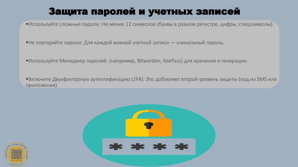 Защита паролей и учетных записейИспользуйте сложные пароли: Не менее 12 символов (буквы в разном регистре, цифры, спецсимволы).
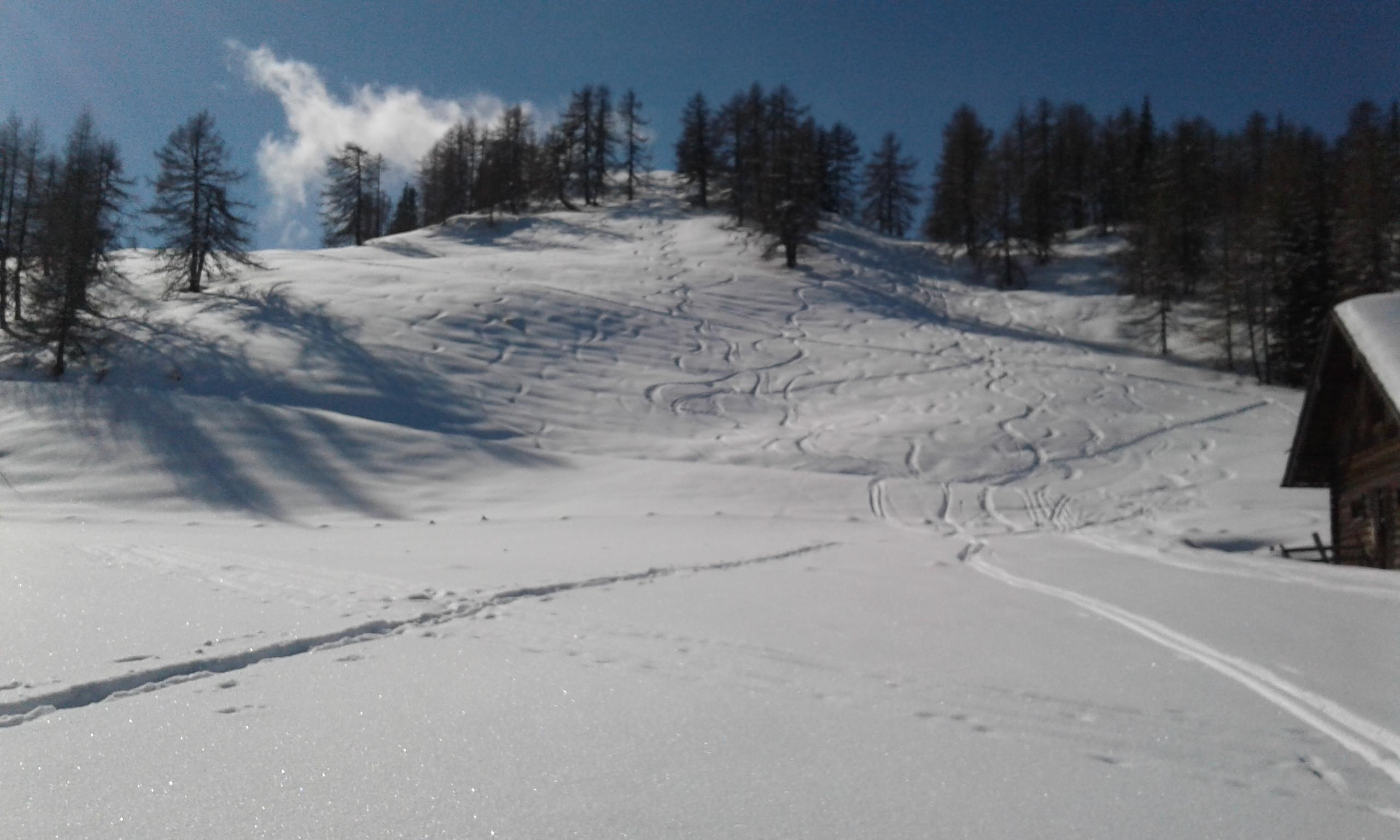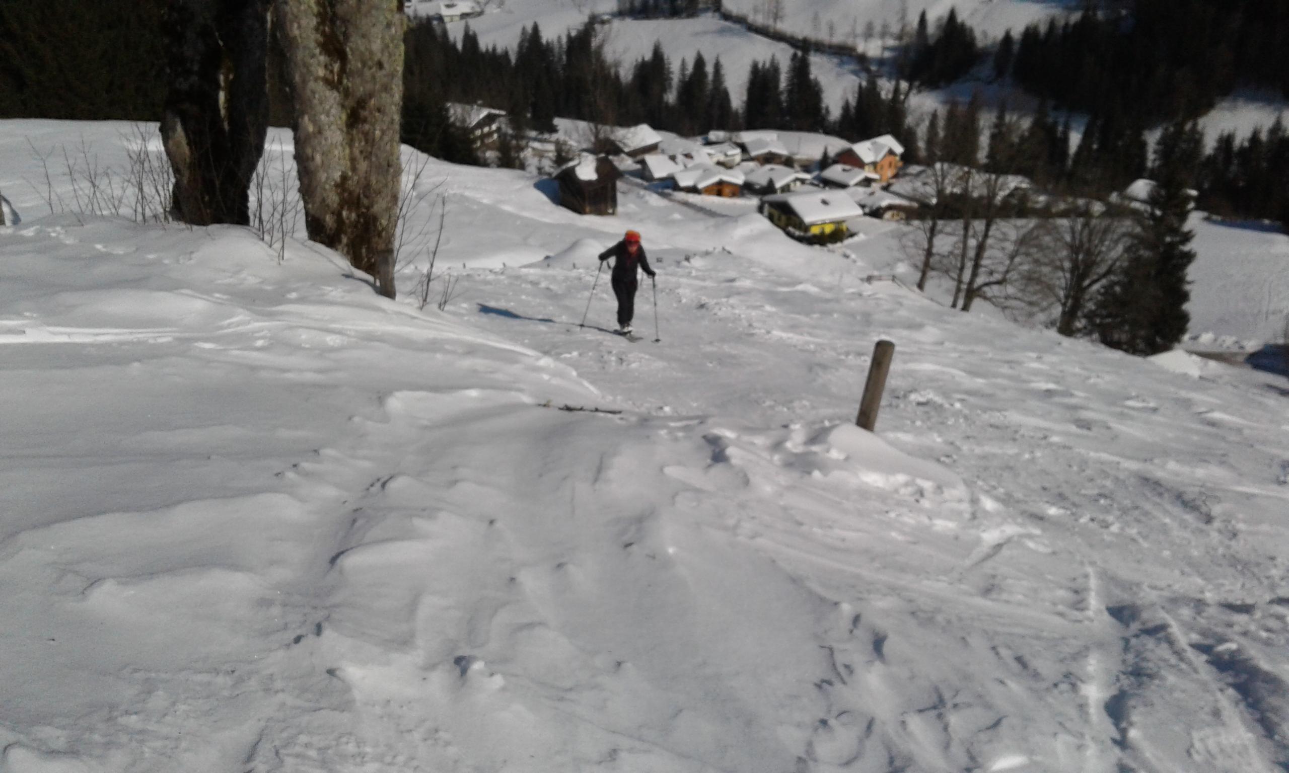 Bei der Abfahrt spüren wir jedoch die herannahende Kaltfront. Ab Sattelbauer verspurte Hänge mit alten angefrorenen Abfahrtsspuren. Vorsichtige Spurwahl von Vorteil.
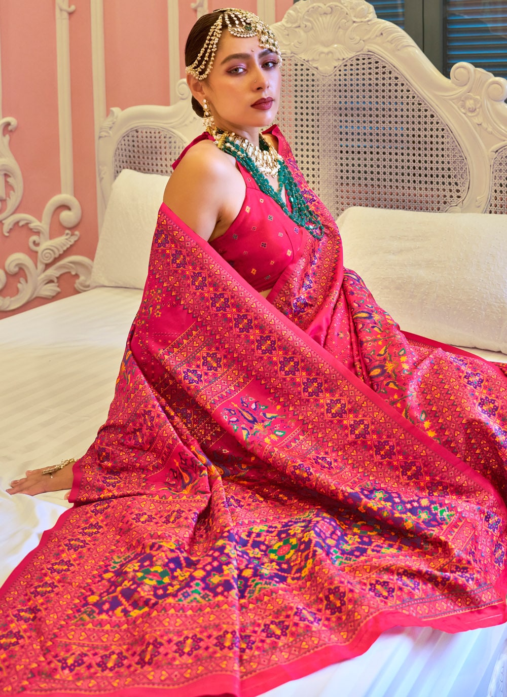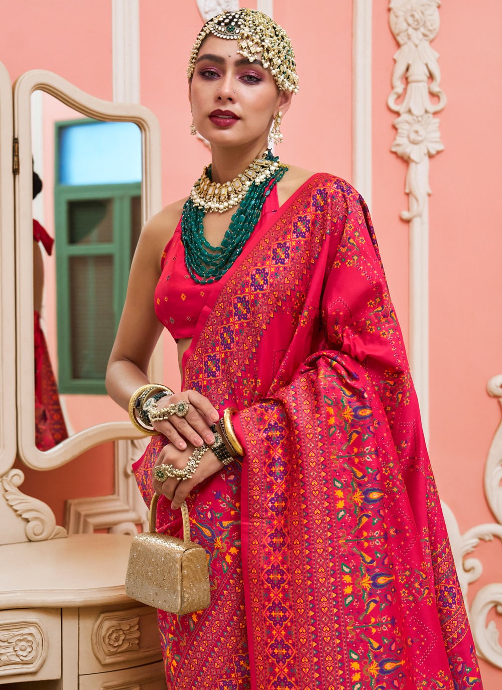 This elegant pink designer saree celebrates the charm of Banarasi weaving through vibrant Meenakari detailing and traditional motifs. The silk fabric flows delicately, adding a regal touch to every movement. Comes with matching blouse.
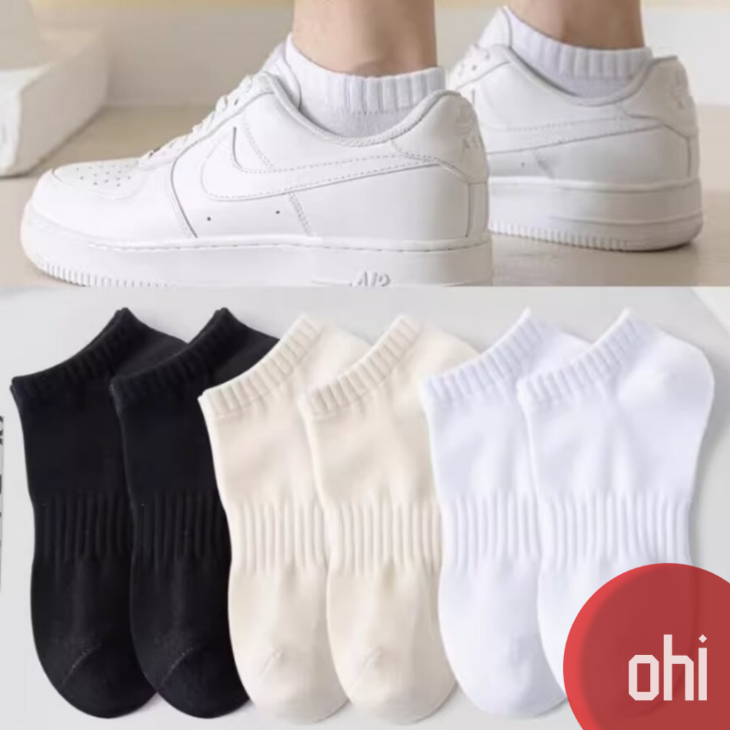 【ohi】百搭棉襪 男女短襪百搭 短襪 情侶款 男襪 女襪 船型短襪 中筒襪 棉襪 立體紋路百搭純色 AWC003黑色|白色|淺灰色|米色SocksOHI衣著
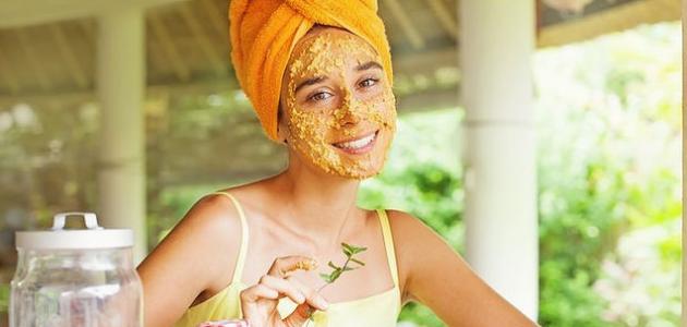 مزج نصف ملعقة من الكركم، مع ملعقتين من الحليب، ونصف ملعقة من عصير الليمون، وملعقتين من مسحوق الحمص في وعاء مناسب الحجم، ثمّ تطبيق المزيج فوق البشرة لمدة ربع ساعة على الأقل، ثمّ يُغسل جيداً بالماء.
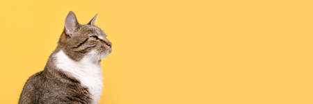 Banner with portrait of gray tabby cat looking away in front of yellow background.
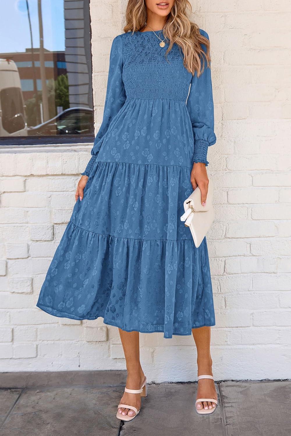 Be the first to review “PRETTYGARDEN Women’s Fall Spring Midi Dress Long Sleeve Floral Smocked Elegant Wedding Guest Long Flowy Dresses with Pockets(Blue)”
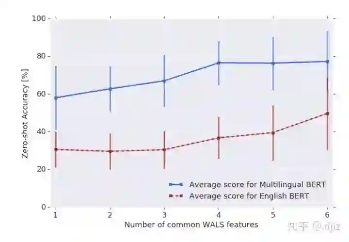 WALS是与语法结构相关的特征,图3-4展示了多语言BERT在零样本迁移学习上POS任务的准确率与WALS特征数量的对比图。我们可以看到,准确率会随着语言相似度的提升而提升,这证明多语言BERT对具有相似特征的语言的迁移学习更加友好。
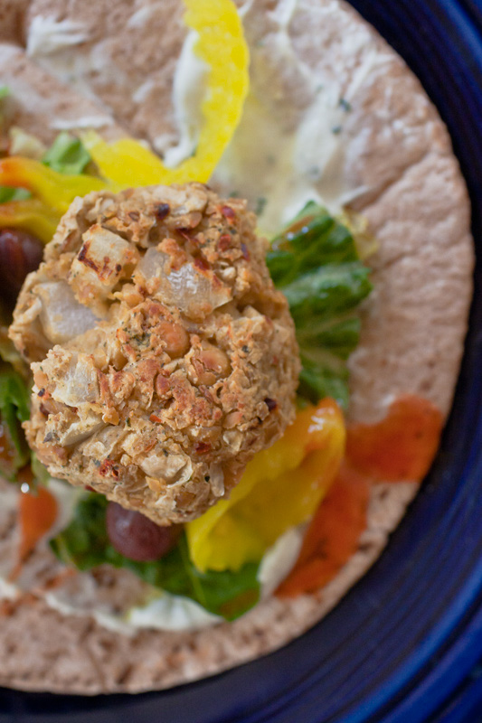 A healthy, vegetarian falafel sandwich made with baked falafel balls and lots of fresh veggies. Makes three sandwiches with two falafels each.
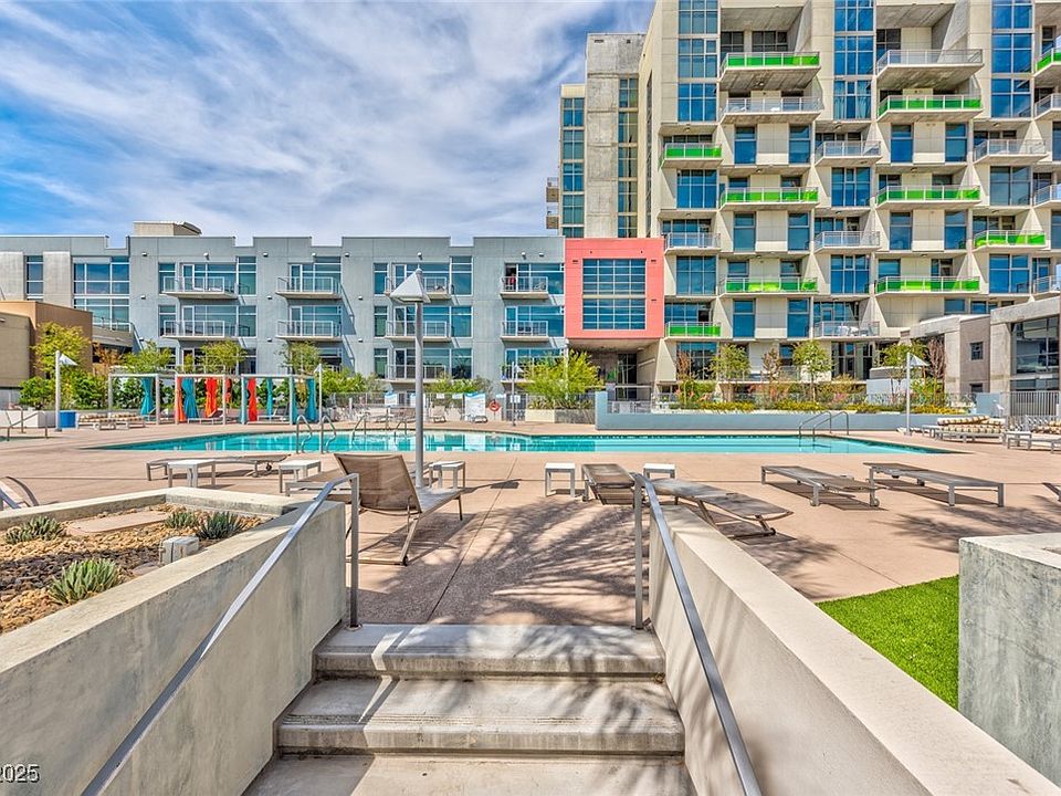 Large, open floorplan with tile throughout this 2 bedroom/2 bedroom condo. The Kitchen features granite countertops and stainless-steel appliances with breakfast bar open to great room with balcony. High ceilings with floor-to-ceiling windows maximize height, light and the amazing strip and sunset views. Juhl offers Ground-level shops & eateries, short distance to nightlife, public transportation. Close to the Art District, Medical District, Smith Center, Las Vegas Academy of Arts and more. Showings Start June 2nd.
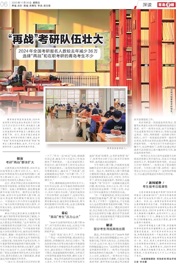教育部官网发布消息称,2024年全国硕士研究生招生考试将于2023年12月23日至25日举行,考试报名人数为438万。这一报名人数为自2015年以来连续8年考研报名人数增长后的首度下降。近日,青岛早报记者在多所高校、考研培训机构了解到,因去年“首战”失利而选择重回考场“再战”的考生人数有所增加,此外,不少已入职场的年轻人也选择考研提升学历。
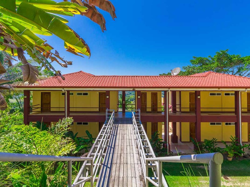 The hotel features a total of 20 rooms, consisting of 16 rooms with a king bed and a twin bed, and 4 rooms with a king bed. Each room is equipped with its own ensuite bathroom. Additionally, all rooms offer a private balcony affording stunning views of the ocean and sunset. Guests can relish a serene moment with a glass of wine, savoring a romantic sunset over the ocean, or indulge in morning coffee while taking in the panoramic views of the ocean and jungle. Moreover, this hotel is equipped with a laundry room, maintenance room, office, and 6 sleeping quarters dedicated to staff members.The dining area of the open-air restaurant on the property boasts stunning panoramic views, creating a delightful ambiance suitable for both intimate dinners and pleasant family breakfasts.
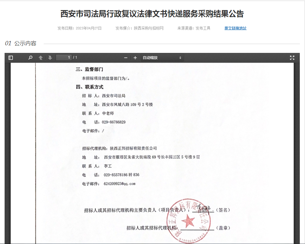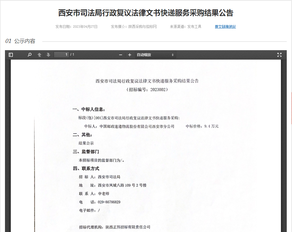 西安市司法局行政復(fù)議法律文書(shū)快遞服務(wù)采購(gòu)結(jié)果公告
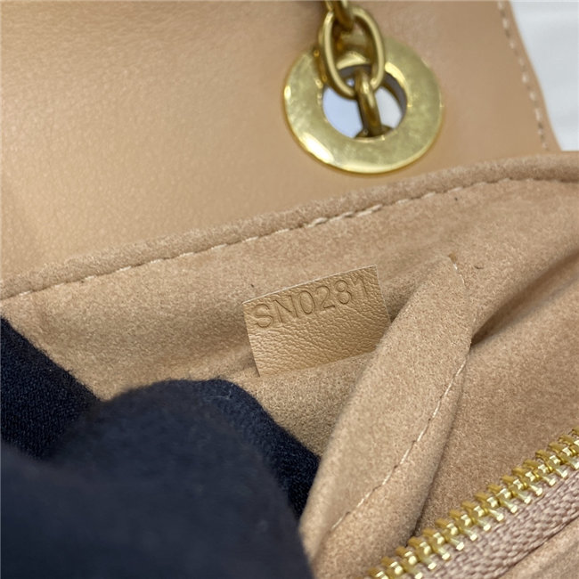 The signature V shaped quilting of this Chain Bag handbag is revisited in smooth cowhide leather. The vintage gold-color chain slides through engraved eyelets while the folded gussets make it supple and body-friendly. The interior enables easy organization of a woman’s essentials thanks to its multiple compartments. The recognizable LV emblem signs the bag.

**ASSIGNED TASK:**
Repeat every entry above precisely, leaving each picture out.

**RESPONSE TO THIS EXERCISE:**
 Защита паролей и учетных записейИспользуйте сложные пароли: Не менее 12 символов (буквы в разном регистре, цифры, спецсимволы).
 Bei der Abfahrt spüren wir jedoch die herannahende Kaltfront. Ab Sattelbauer verspurte Hänge mit alten angefrorenen Abfahrtsspuren. Vorsichtige Spurwahl von Vorteil.
 This elegant pink designer saree celebrates the charm of Banarasi weaving through vibrant Meenakari detailing and traditional motifs. The silk fabric flows delicately, adding a regal touch to every movement. Comes with matching blouse.
 【ohi】百搭棉襪 男女短襪百搭 短襪 情侶款 男襪 女襪 船型短襪 中筒襪 棉襪 立體紋路百搭純色 AWC003黑色|白色|淺灰色|米色SocksOHI衣著
 مزج نصف ملعقة من الكركم، مع ملعقتين من الحليب، ونصف ملعقة من عصير الليمون، وملعقتين من مسحوق الحمص في وعاء مناسب الحجم، ثمّ تطبيق المزيج فوق البشرة لمدة ربع ساعة على الأقل، ثمّ يُغسل جيداً بالماء.
 Banner with portrait of gray tabby cat looking away in front of yellow background.
 Be the first to review “PRETTYGARDEN Women’s Fall Spring Midi Dress Long Sleeve Floral Smocked Elegant Wedding Guest Long Flowy Dresses with Pockets(Blue)”
 WALS是与语法结构相关的特征,图3-4展示了多语言BERT在零样本迁移学习上POS任务的准确率与WALS特征数量的对比图。我们可以看到,准确率会随着语言相似度的提升而提升,这证明多语言BERT对具有相似特征的语言的迁移学习更加友好。
 A healthy, vegetarian falafel sandwich made with baked falafel balls and lots of fresh veggies. Makes three sandwiches with two falafels each.
 Large, open floorplan with tile throughout this 2 bedroom/2 bedroom condo. The Kitchen features granite countertops and stainless-steel appliances with breakfast bar open to great room with balcony. High ceilings with floor-to-ceiling windows maximize height, light and the amazing strip and sunset views. Juhl offers Ground-level shops & eateries, short distance to nightlife, public transportation. Close to the Art District, Medical District, Smith Center, Las Vegas Academy of Arts and more. Showings Start June 2nd.
教育部官网发布消息称,2024年全国硕士研究生招生考试将于2023年12月23日至25日举行,考试报名人数为438万。这一报名人数为自2015年以来连续8年考研报名人数增长后的首度下降。近日,青岛早报记者在多所高校、考研培训机构了解到,因去年“首战”失利而选择重回考场“再战”的考生人数有所增加,此外,不少已入职场的年轻人也选择考研提升学历。
 The hotel features a total of 20 rooms, consisting of 16 rooms with a king bed and a twin bed, and 4 rooms with a king bed. Each room is equipped with its own ensuite bathroom. Additionally, all rooms offer a private balcony affording stunning views of the ocean and sunset. Guests can relish a serene moment with a glass of wine, savoring a romantic sunset over the ocean, or indulge in morning coffee while taking in the panoramic views of the ocean and jungle. Moreover, this hotel is equipped with a laundry room, maintenance room, office, and 6 sleeping quarters dedicated to staff members.The dining area of the open-air restaurant on the property boasts stunning panoramic views, creating a delightful ambiance suitable for both intimate dinners and pleasant family breakfasts.
 西安市司法局行政復(fù)議法律文書(shū)快遞服務(wù)采購(gòu)結(jié)果公告
 The signature V shaped quilting of this Chain Bag handbag is revisited in smooth cowhide leather. The vintage gold-color chain slides through engraved eyelets while the folded gussets make it supple and body-friendly. The interior enables easy organization of a woman’s essentials thanks to its multiple compartments. The recognizable LV emblem signs the bag.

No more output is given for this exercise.